Submarine USS Bergall laid down. (Dave Shirlaw)
ATLANTIC OCEAN: The British have sunk three out of seven U-boats hunting convoy HX-237, which has lost three ships.
About 0930, U-176 attacked Convoy NC-18 and sank the Nickeliner and Mambi. The Mambi was hit by one torpedo and sank fast. Of 29 Cuban crewmembers and five American armed guards, only the master, nine crewmembers and one armed guard survived. A first torpedo in the port bow and a second hit the Nickeliner on the port side aft. The first explosion lifted the bow out of the water and threw water and flames about 100 feet into the air and the second released ammonia from the tanks. As the bow began to settle, the engines were secured and the eight officers, 15 crewmen, seven armed guards (the ship was armed with one 3in and two .30cal guns) and one passenger abandoned ship in two lifeboats 30 minutes after the hits. The tanker sank at 1015, while the survivors were picked up by a Cuban submarine chaser and landed at Nuevitas.
U-218 transferred injured crewmembers to U-461.
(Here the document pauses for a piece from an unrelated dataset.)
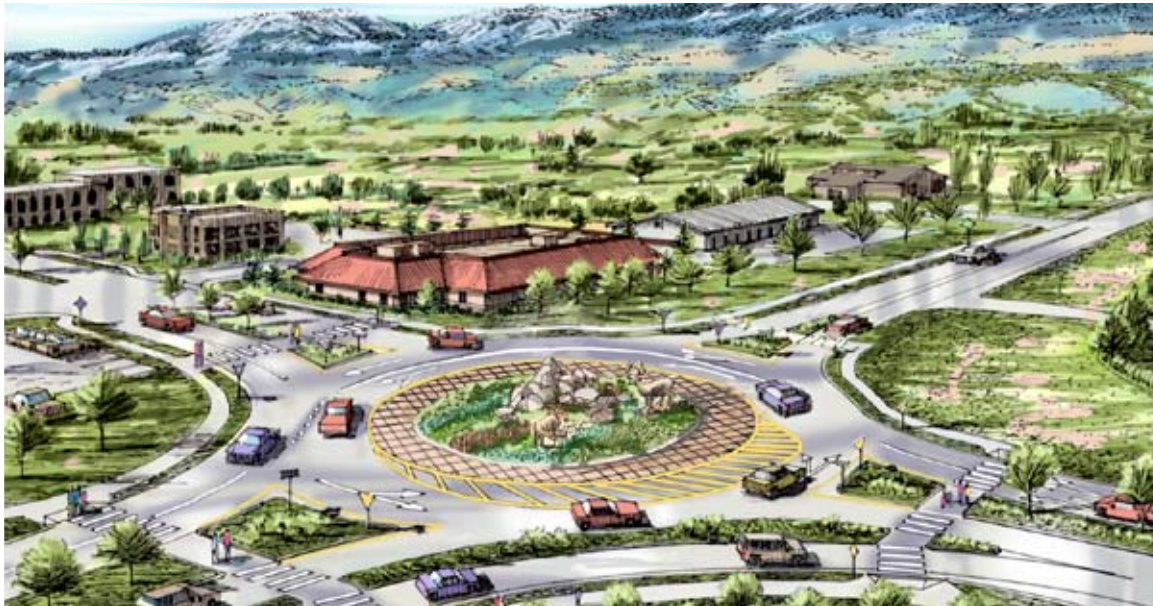
Artist rendering of Kietzke Lane/Neil Road Roundabout

U-753 (Alfred Manhardt Von Mannstein CO) sunk at 48-37N 22-39W by HMCS Drumheller, HMS Lagan and RCAF 423 Sqn aircraft. A Sunderland from RCAF 423 Sqn sighted U-753 while flying in support of convoy HX-237. Making skilful use of cloud cover, F/Lt Musgrave approached to within a mile before being sighted by the U-boat, which opened a withering fire that drove off her attacker. The Sunderland orbited out of the U-boat’s AA range and called for support from the convoy escorts, only 10 miles away. As Lagan and Drumheller approached the U-boat dove, at which point the Sunderland made its attack. Two depth charges were seen to explode close to the ‘swirl’ and then the escorts made a series of follow-up attacks that produced oil and debris. Convoy HX-273 arrived in New York City on 17 May 43 with 45 ships. The convoy did lose 3 ships to U-boats, but theses were all ‘stragglers’ and no ships were lost from within the main body of the convoy. (Dave Shirlaw)
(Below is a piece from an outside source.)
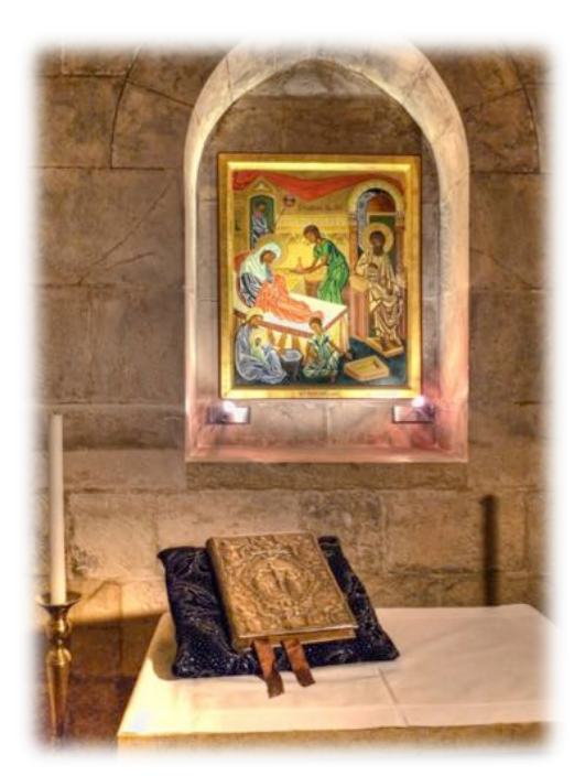
Grotto and Basilica of Saint Anne.

Thanks HJS for another fascinating roundup.
I loved the humorous detail about Germans gaining promotions just before they became POWs.
Gen Patton’s son-in-law mentioned on p7 as a POW. Something tells me Patton will try to rescue him.
Thanks. I missed that.
"This flower-shaped cloth brooch was handmade by a young girl from Warsaw who was incarcerated at the Bergen-Belsen, Germany, concentration camp.
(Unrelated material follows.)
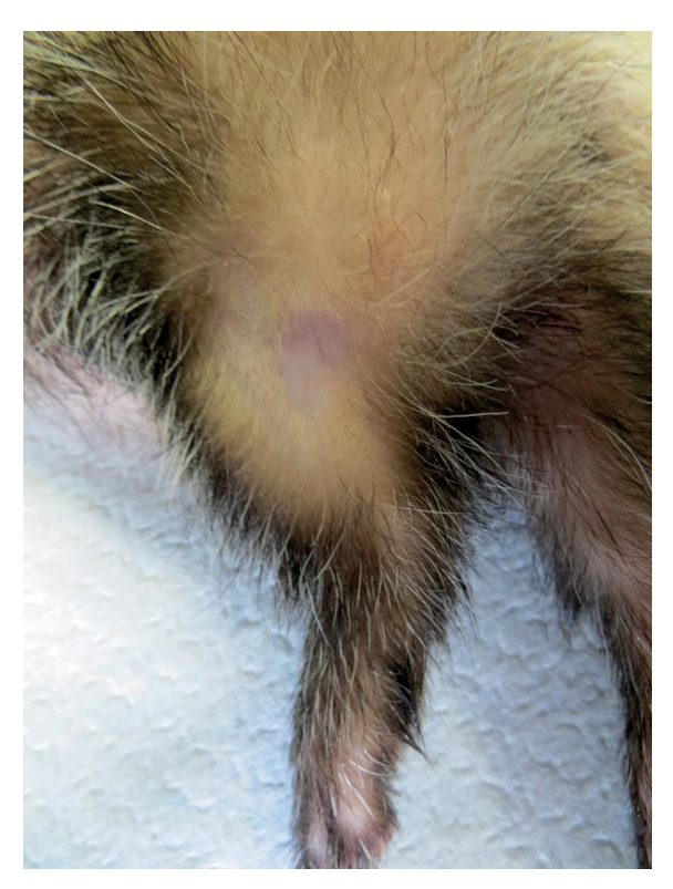
FIGURE 10. Complete response of squamous papilloma (Tumour 4) - 70 days after electrochemotherapy.

ti-tumour effectiveness, combined with excellent functional and cosmetic effects, while being less invasive than surgery.<sup>8,10,11,12</sup>

Fellow inmate Sala Spett received the brooch as a present from her husband and children in May 1943.
The family members traded a slice of bread for the brooch, an act that meant a day's hunger."
"These Jewish women and their babies were photographed in the Rothschild maternity hospital in Paris.
All but one of a group of 40, Fanny Kraus--who managed to escape with her child--were shipped to Auschwitz in May 1943.
They were among the nearly 50,000 Jews deported to Eastern Europe from France through June 1943.
Most of them died in the gas chambers of Auschwitz and Chelmno."